As a general attitude to spacing, I still think that Knuth got it
right with TeX [TeXbook, p.46]: by default newlines, tabs and spaces
are treated as equivalent, multiple spaces are collapsed, spaces and
tabs at the starts of lines are ignored, and extra space after
punctuation is handled separately.  (TeX is a typesetter, and spacing
punctuation in one-space units would be too coarse.)  Knuth's thinking
was that if you can't see the difference on the screen then it should
not make a difference to the final output.
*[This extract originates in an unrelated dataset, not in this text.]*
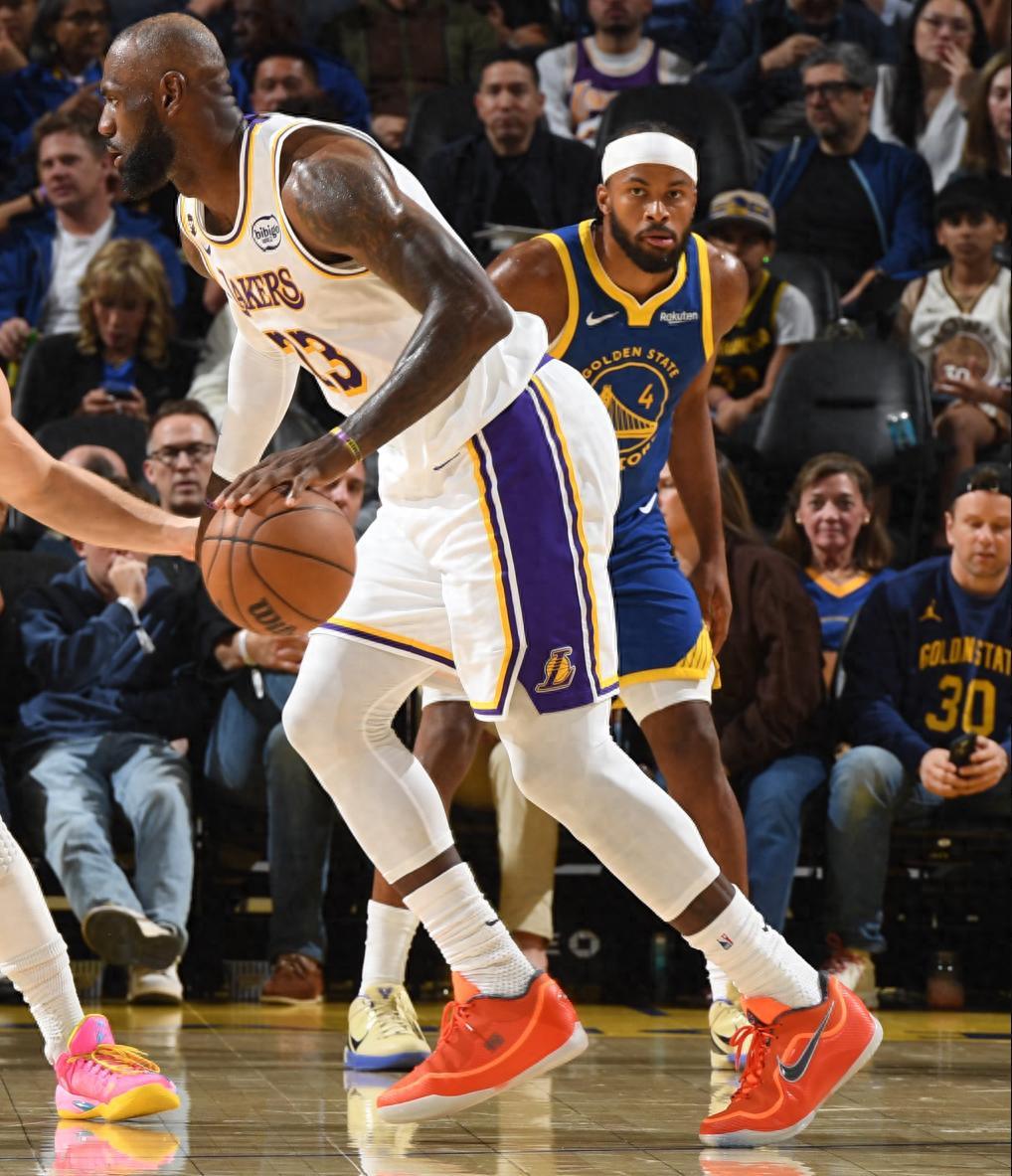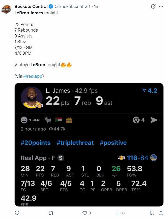 但實際上詹姆斯在湖人116-84領先勇士後就被換下場,全場比賽28分鐘,13中7,三分6中4,罰球5中4,拿到22分9助攻7籃板1搶斷,命中率53.8%,三分命中率80%,真實命中率72.4%,正負值+26。

On the other hand, there are two reasons not to adopt Knuth's
conventions verbatim: first, your hands are likely tied by SGML
compatibility; second, you are working in a fairly clunky character
medium rather than fine typesetting.  If the spacing is done in units
of a normal inter-word space, then indicating a double-wdith space
with two space characters *is* an expedient convention.  (Especially
as HTML has no way of distinguishing an end-of-sentence full stop from
an abbreviation-indicating fill stop.)

That said, being able to rigidly indent the text of a document with
markup can greatly improve its legibility -- with TeX documents I
indent the text one tab stop, leaving the macros that generate
headings and delimit regions of text in column 0.  This makes the
structure of the document easier to follow.  (It also prevents UNIX
sendmail from inserting ">" characters before "From".)  The same
applies to HTML documents, excapt that if the text is indented, only
Mosaic can display them properly.

You could specify that any number of whitespace characters (SP, HT,
LF, CR) may follow the CR or LF marking the end of a line, and they're
all ignored (except in PRE elements, of course).  This would mean that
indentation of text lines is ignored, as well as any blank lines (even
ones with spaces on them).  Doubled spaces after sentences would be
preserved.  This should be easy to implement, and allows people like
me to format their text pretty much as they would like.

Damian